> [The task] Give again, word for word, the lines below that run from the line with "You can set" through the line with "2026 YOUTH THEME". Drop the pictures.

━━━ The data ━━━

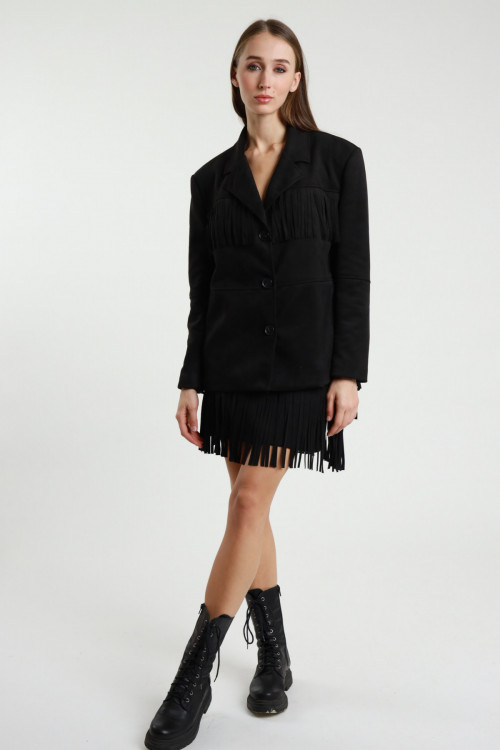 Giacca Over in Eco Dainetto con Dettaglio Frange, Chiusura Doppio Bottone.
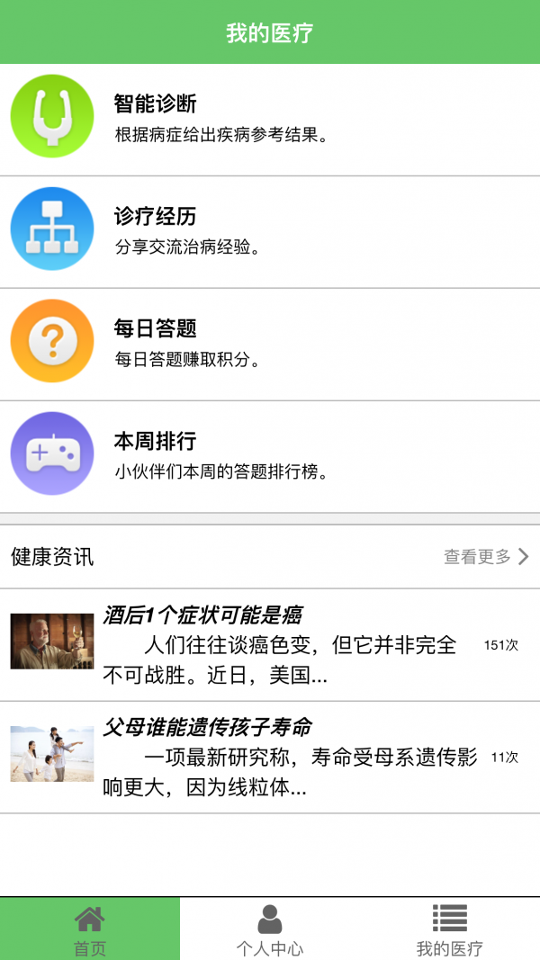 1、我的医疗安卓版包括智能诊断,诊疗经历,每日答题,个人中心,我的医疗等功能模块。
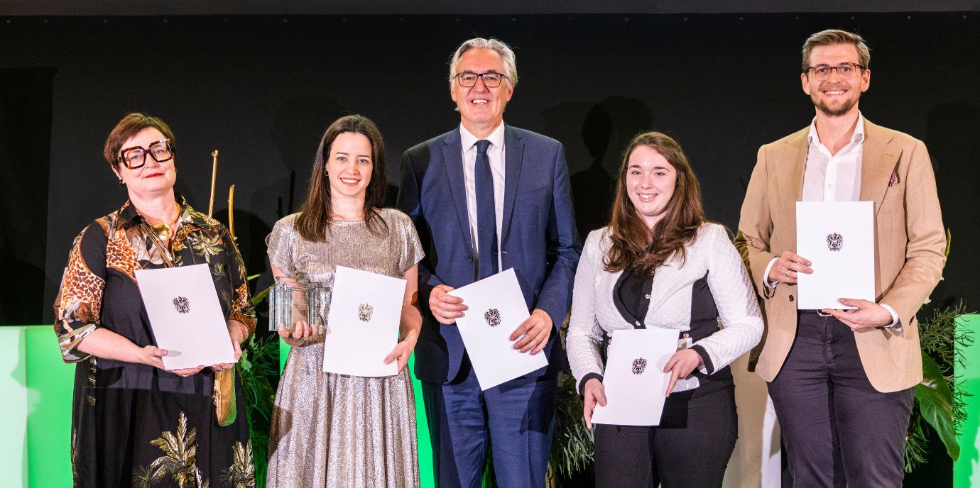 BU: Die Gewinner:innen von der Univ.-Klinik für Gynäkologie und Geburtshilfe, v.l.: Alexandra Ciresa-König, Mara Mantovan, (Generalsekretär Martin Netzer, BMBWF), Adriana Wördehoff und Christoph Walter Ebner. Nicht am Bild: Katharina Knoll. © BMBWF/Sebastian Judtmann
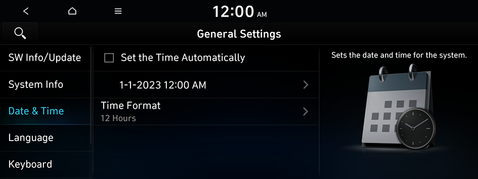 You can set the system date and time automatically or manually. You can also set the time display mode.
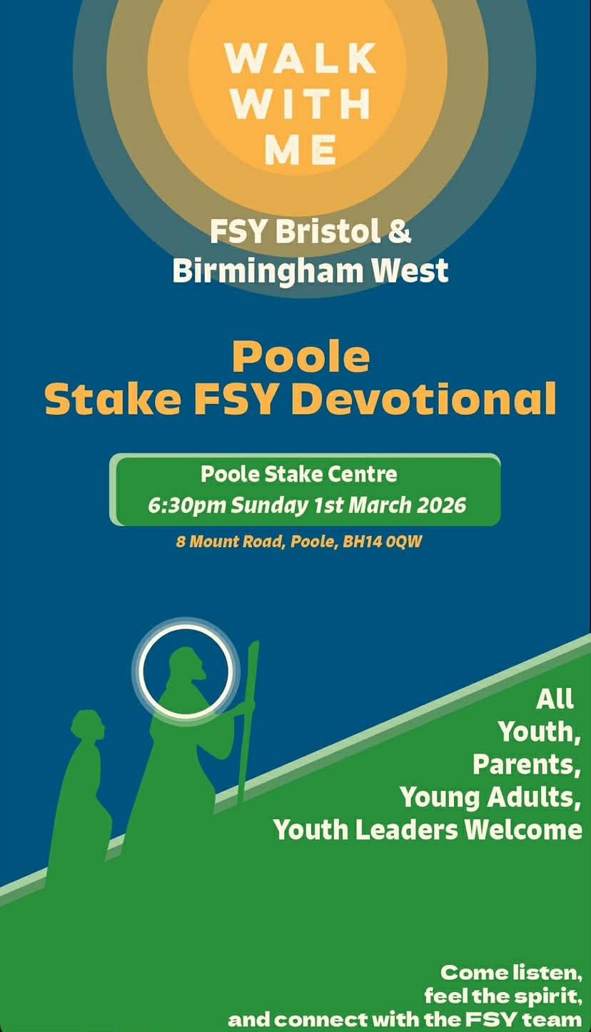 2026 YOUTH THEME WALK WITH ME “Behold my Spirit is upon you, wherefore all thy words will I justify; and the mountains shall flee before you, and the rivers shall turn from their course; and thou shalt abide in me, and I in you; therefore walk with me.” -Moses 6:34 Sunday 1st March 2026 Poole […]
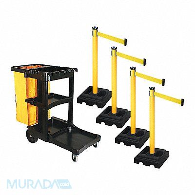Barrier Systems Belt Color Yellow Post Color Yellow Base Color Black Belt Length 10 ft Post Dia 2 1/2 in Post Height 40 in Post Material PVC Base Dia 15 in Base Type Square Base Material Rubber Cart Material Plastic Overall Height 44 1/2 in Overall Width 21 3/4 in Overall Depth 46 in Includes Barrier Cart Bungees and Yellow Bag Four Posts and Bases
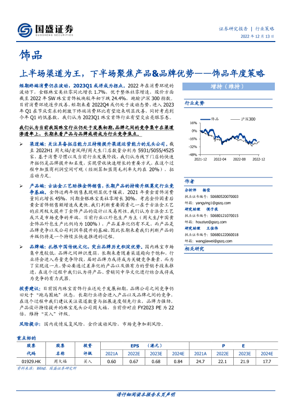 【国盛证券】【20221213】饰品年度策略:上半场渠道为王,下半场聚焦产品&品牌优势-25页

━━━
━━━ The data ━━━

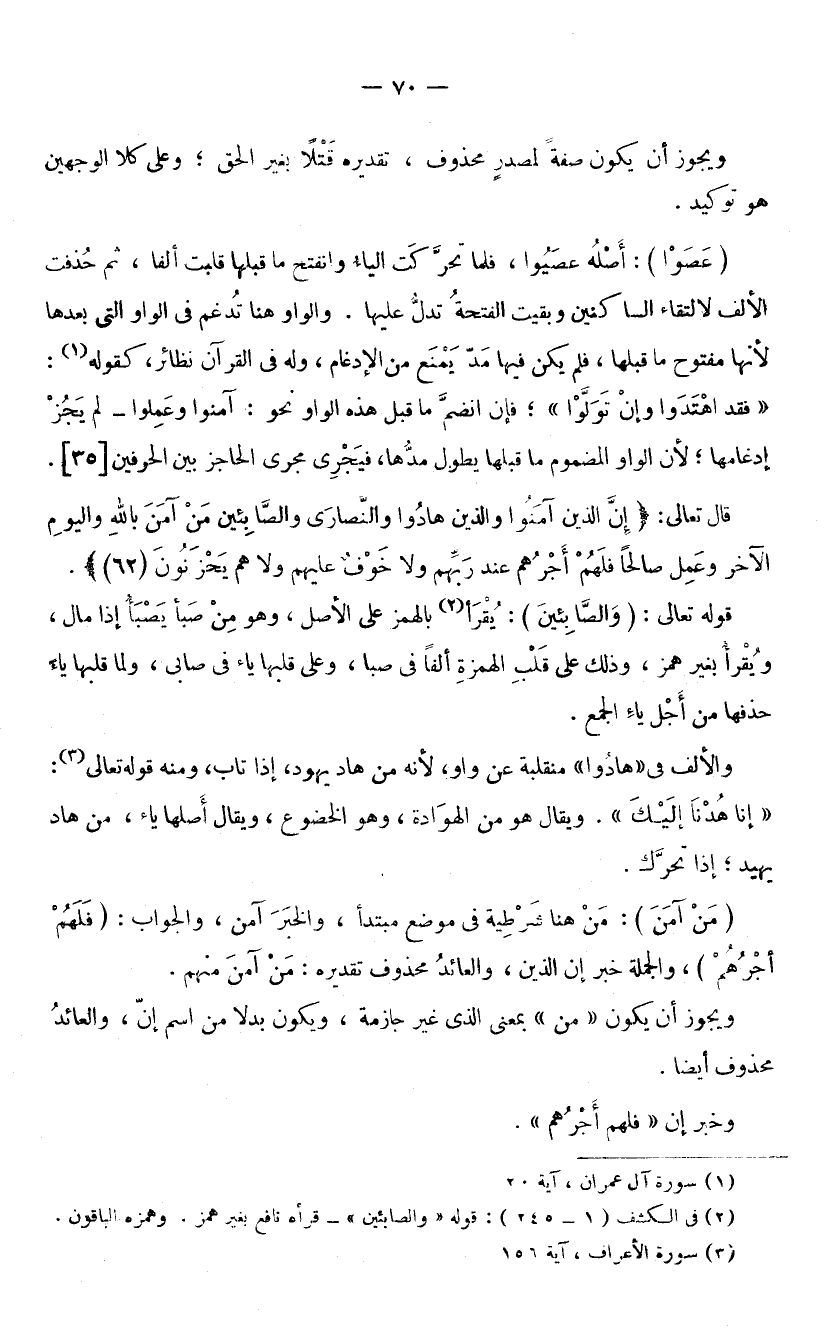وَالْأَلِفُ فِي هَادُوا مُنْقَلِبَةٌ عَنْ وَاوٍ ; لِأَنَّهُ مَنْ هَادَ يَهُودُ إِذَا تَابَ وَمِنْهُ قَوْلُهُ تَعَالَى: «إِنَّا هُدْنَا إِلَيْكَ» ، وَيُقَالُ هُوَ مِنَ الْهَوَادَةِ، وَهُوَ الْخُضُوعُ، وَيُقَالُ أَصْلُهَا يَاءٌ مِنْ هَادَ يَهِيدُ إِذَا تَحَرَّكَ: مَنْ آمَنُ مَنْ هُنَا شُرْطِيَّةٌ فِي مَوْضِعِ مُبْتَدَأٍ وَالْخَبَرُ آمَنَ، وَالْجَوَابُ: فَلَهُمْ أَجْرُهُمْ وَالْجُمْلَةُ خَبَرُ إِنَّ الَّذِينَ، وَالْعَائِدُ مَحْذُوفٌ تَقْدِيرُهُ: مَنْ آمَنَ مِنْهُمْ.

━━━
━━━ The data ━━━

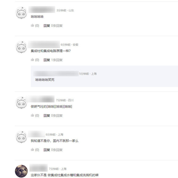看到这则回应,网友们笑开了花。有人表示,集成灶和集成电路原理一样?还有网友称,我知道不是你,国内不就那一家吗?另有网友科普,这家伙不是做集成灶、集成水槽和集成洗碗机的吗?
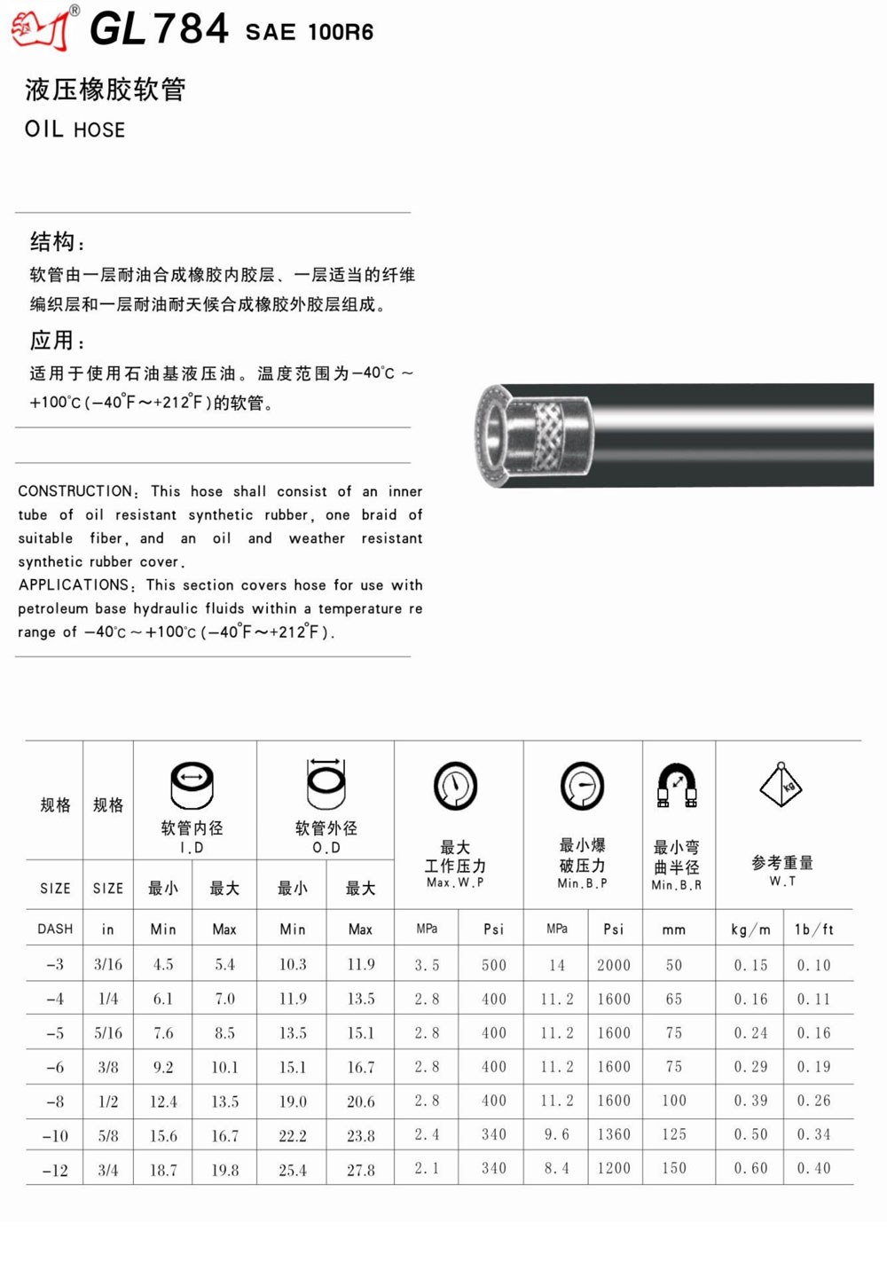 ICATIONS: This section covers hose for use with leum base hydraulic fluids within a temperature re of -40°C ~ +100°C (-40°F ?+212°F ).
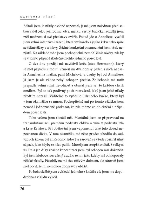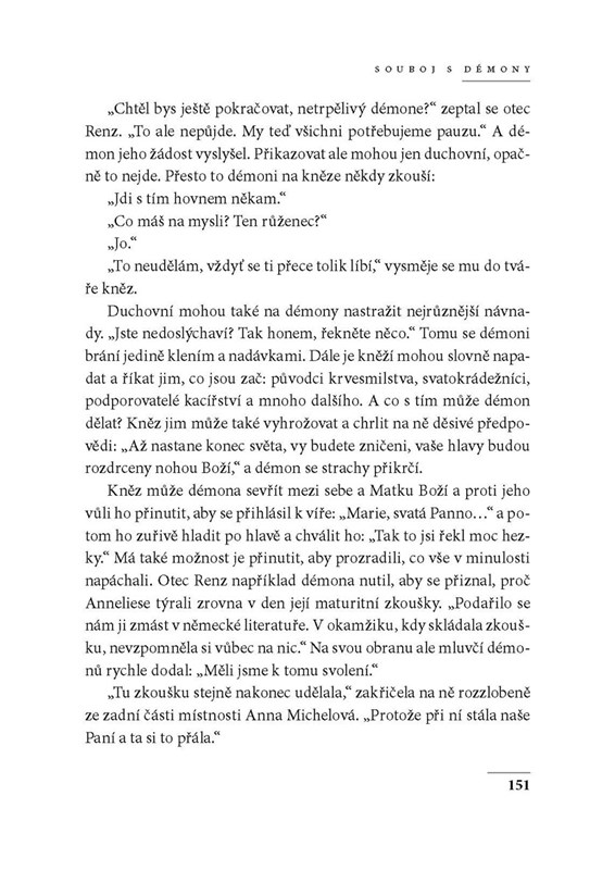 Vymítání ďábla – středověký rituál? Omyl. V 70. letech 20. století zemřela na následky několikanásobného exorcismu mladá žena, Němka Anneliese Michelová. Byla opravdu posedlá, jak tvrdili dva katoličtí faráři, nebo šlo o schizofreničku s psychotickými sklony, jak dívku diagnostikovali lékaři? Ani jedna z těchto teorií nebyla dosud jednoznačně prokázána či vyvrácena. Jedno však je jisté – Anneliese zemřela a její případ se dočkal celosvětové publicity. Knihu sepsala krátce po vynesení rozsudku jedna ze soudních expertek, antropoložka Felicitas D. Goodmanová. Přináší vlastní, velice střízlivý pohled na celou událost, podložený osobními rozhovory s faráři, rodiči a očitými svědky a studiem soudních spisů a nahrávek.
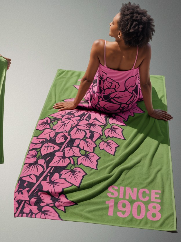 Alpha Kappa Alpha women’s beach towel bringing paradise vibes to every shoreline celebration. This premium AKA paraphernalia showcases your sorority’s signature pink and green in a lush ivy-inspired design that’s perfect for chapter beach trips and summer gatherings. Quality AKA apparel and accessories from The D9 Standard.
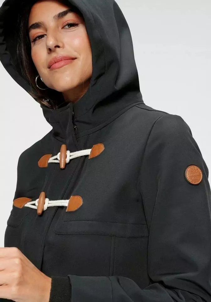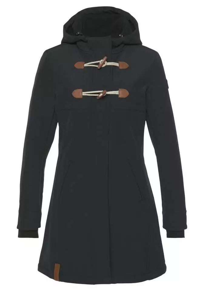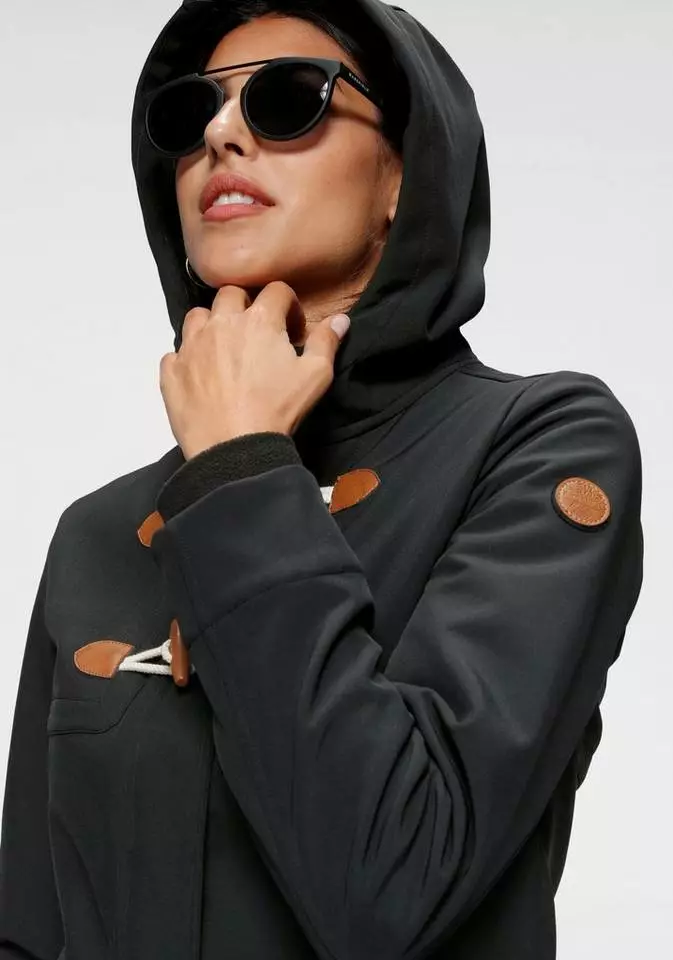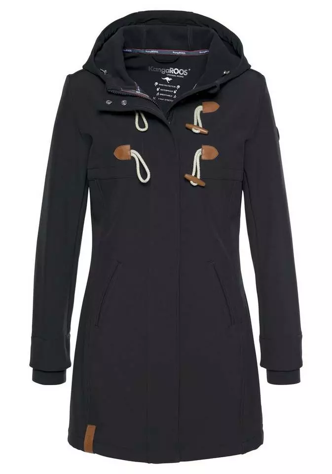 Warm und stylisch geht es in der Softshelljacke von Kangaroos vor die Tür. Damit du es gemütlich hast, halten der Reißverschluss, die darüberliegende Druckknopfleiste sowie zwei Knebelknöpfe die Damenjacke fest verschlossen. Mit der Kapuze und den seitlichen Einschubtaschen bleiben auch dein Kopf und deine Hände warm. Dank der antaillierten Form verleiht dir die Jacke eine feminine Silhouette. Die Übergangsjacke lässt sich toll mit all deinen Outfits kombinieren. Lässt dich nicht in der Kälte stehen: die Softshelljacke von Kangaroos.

━━━

> [Task output]
 You can set the system date and time automatically or manually. You can also set the time display mode.
 2026 YOUTH THEME WALK WITH ME “Behold my Spirit is upon you, wherefore all thy words will I justify; and the mountains shall flee before you, and the rivers shall turn from their course; and thou shalt abide in me, and I in you; therefore walk with me.” -Moses 6:34 Sunday 1st March 2026 Poole […]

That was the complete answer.